## WHAT IS EXPECTED
Could you copy exactly the lines below, beginning at the line with "VIN: 3FTTW8F94NRA43988" and stopping after the line with "据定期报告数据统计,近三年平", with no pictures?

═════ RECORDS TO PROCESS ═════

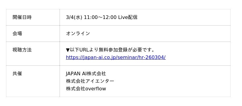 (株)overflow/Offers「中途採用業務×AI効率化 ~判断基準の複雑性を乗り越えるAIの使い方と設計のポイント~」を2026年3月4日(水)にライブ配信いたします。
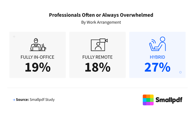 64% of professionals have had to work late or over the weekend due to delays or disorganization in a document workflow, rising to 72% among hybrid workers.
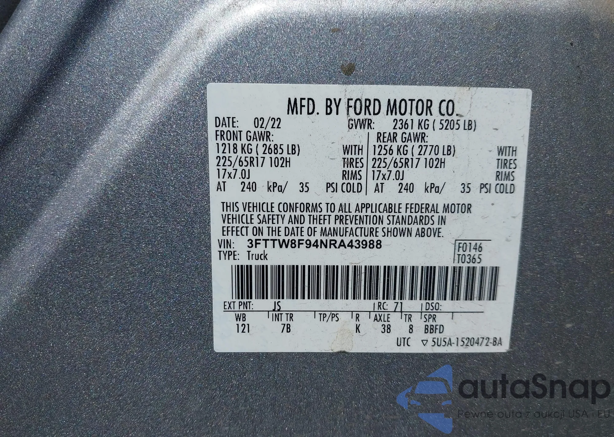VIN: 3FTTW8F94NRA43988
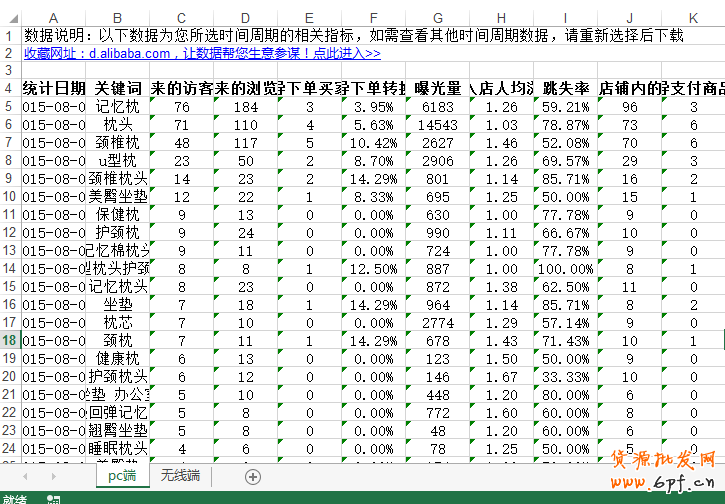 這個(gè)數(shù)據(jù)源的樣子賣家們比較熟悉,是直接從生意參謀上下載下來的樣子(因?yàn)橛行┰颍瑪?shù)據(jù)的值做了一些處理,非真實(shí),包括刪了一些店內(nèi)的品牌詞)。如果還不是很清楚,可以去生意參謀中選詞助手上去下載,可以下載自己店鋪的,包括行業(yè)相關(guān)的一個(gè)熱詞的一些數(shù)據(jù)。
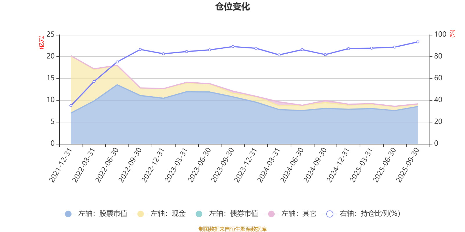 据定期报告数据统计,近三年平均股票仓位为86.47%,同类平均为85.88%。2025年三季度末基金达到93.52%的最高仓位,2021年末最低,为35.1%。
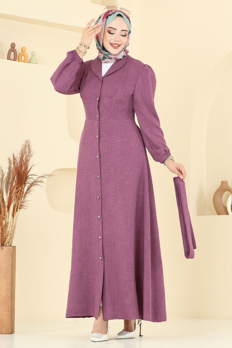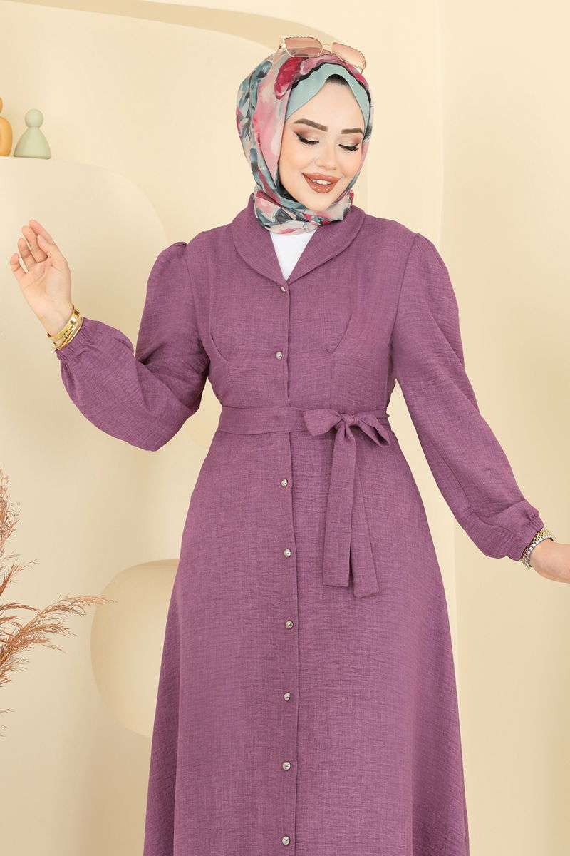 المنتج لديه ياقة مفتوحة. المنتج به أزرار من الأمام. غير مبطنة. المنتج يحتوي على حزام خصر مُخاط. السوار مطاطي. قد يكون هناك اختلاف في الدرجة اللونية في المنتج بسبب التقاط الصور الفوتوغرافية.
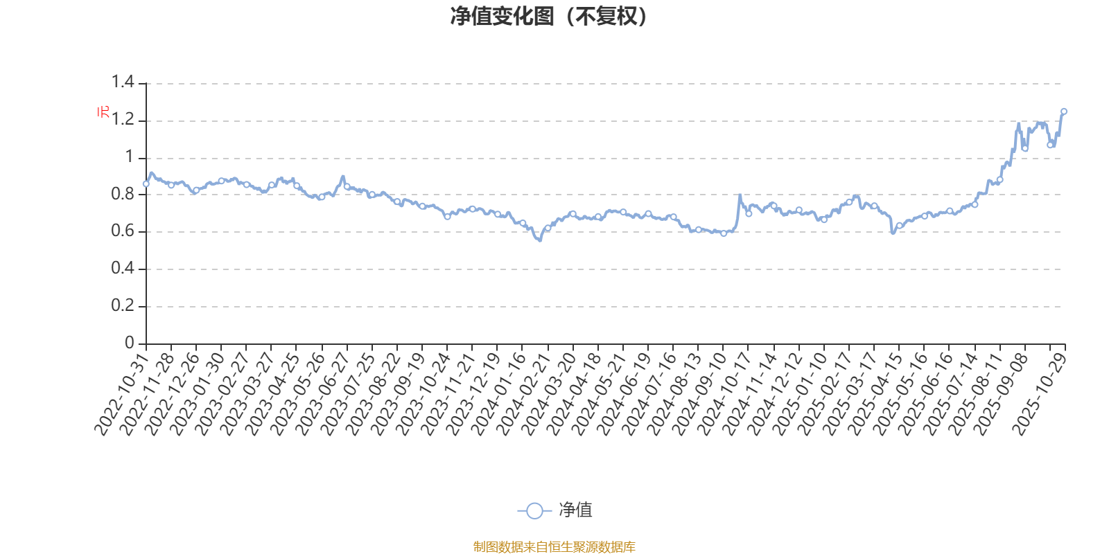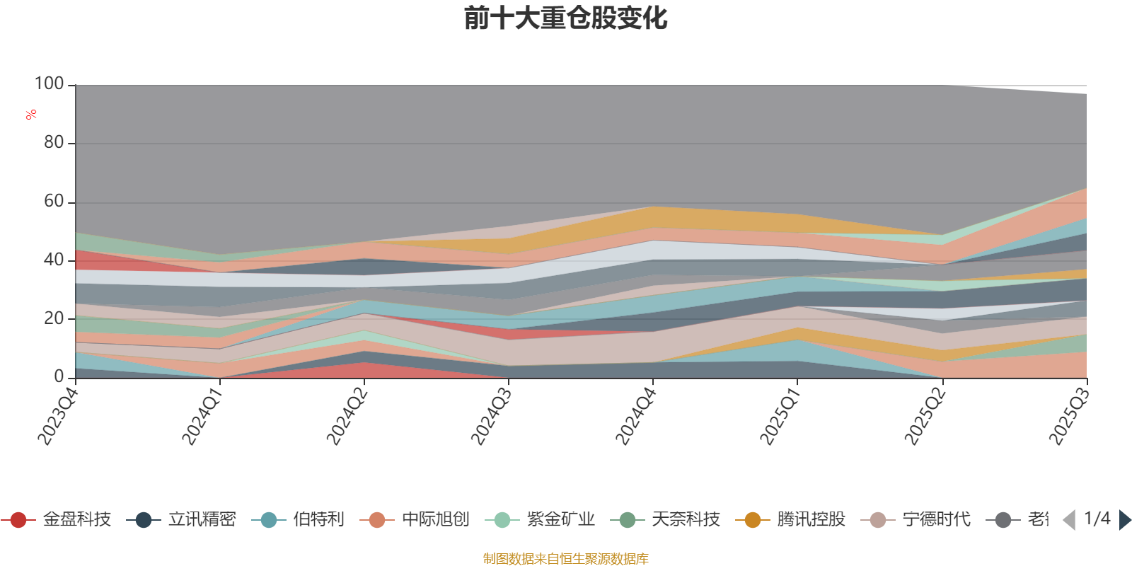 截至2025年三季度末,基金十大重仓股分别是新易盛、中际旭创、寒武纪、沪电股份、宁德时代、天奈科技、工业富联、生益科技、天孚通信、中芯国际。
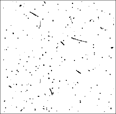 Unlike events seen on the ground, most WFPC2 cosmic ray events deposit a significant amount of charge in several pixels; the average number of pixels affected is 6, with a peak signal of 1500 e- per pixel and a few tens of e- per pixel at the edges. About 3% of the pixels, or 20,000 pixels per CCD, will be affected by cosmic rays in a long exposure (1800 s). Figure 26.6 shows the impact of cosmic rays in an 800 second exposure with WFPC2. The area shown is about 1/16th of one chip (a 200 x 200 region); pixels affected by cosmic rays are shown in black and unaffected pixels are shown in white. A typical long WFPC2 exposure (2000 s) would have about 2.5 times as many pixels corrupted by cosmic rays.
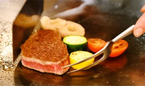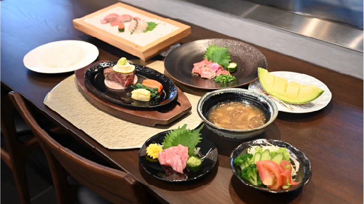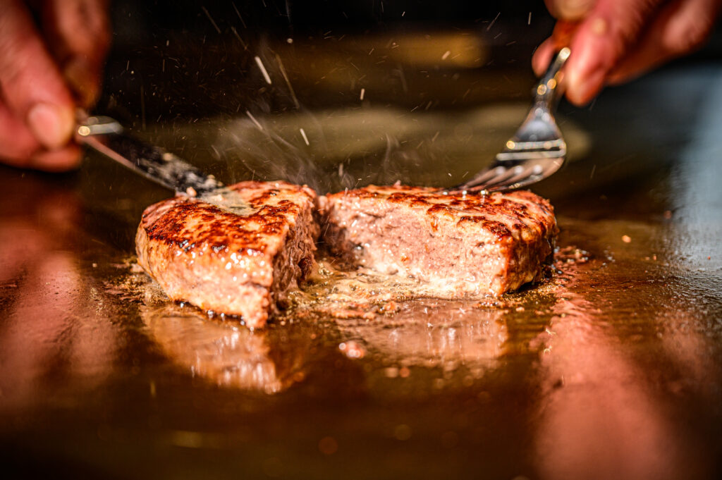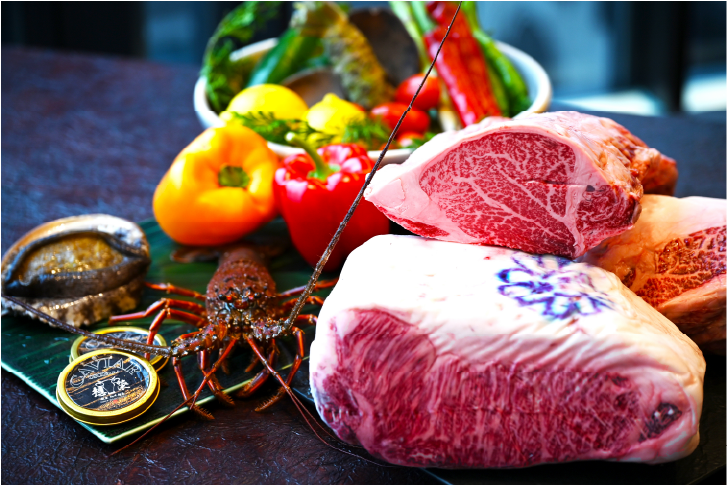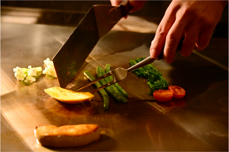 銀座高級鉄板焼き店でミシュラン一つ星獲得経験ある料理長が神戸牛と厳選食材を使用し、『和』と『洋』のエッセンスを加えた『料理長おまかせコース』『世界三大珍味コース』をご提供いたします。伝統的な調理法にシェフ独自のセンスを加えた一皿一皿は、まさに芸術品。
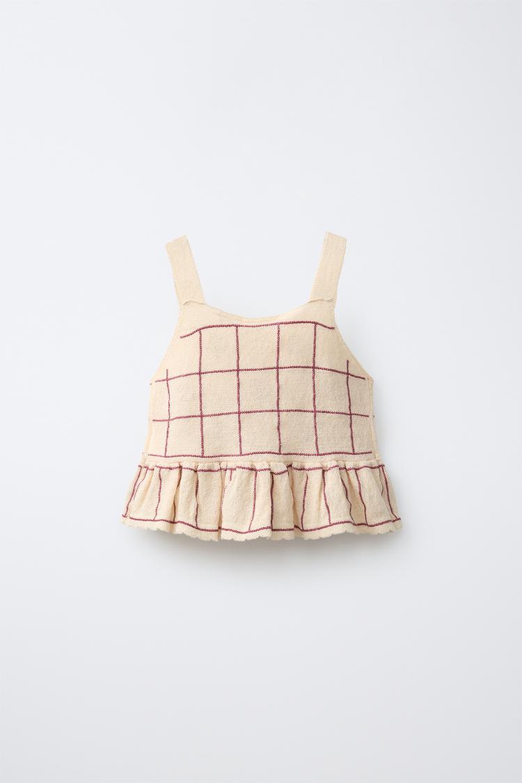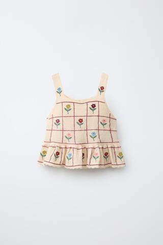 ZARA ТРИКОТАЖНЫЙ ТОП С ЦВЕТОЧНЫМ ПРИНТОМ, ЦВЕТ СЛОНОВОЙ КОСТИ

═════

## RESPONSE AREA
VIN: 3FTTW8F94NRA43988
 這個(gè)數(shù)據(jù)源的樣子賣家們比較熟悉,是直接從生意參謀上下載下來的樣子(因?yàn)橛行┰颍瑪?shù)據(jù)的值做了一些處理,非真實(shí),包括刪了一些店內(nèi)的品牌詞)。如果還不是很清楚,可以去生意參謀中選詞助手上去下載,可以下載自己店鋪的,包括行業(yè)相關(guān)的一個(gè)熱詞的一些數(shù)據(jù)。
 据定期报告数据统计,近三年平均股票仓位为86.47%,同类平均为85.88%。2025年三季度末基金达到93.52%的最高仓位,2021年末最低,为35.1%。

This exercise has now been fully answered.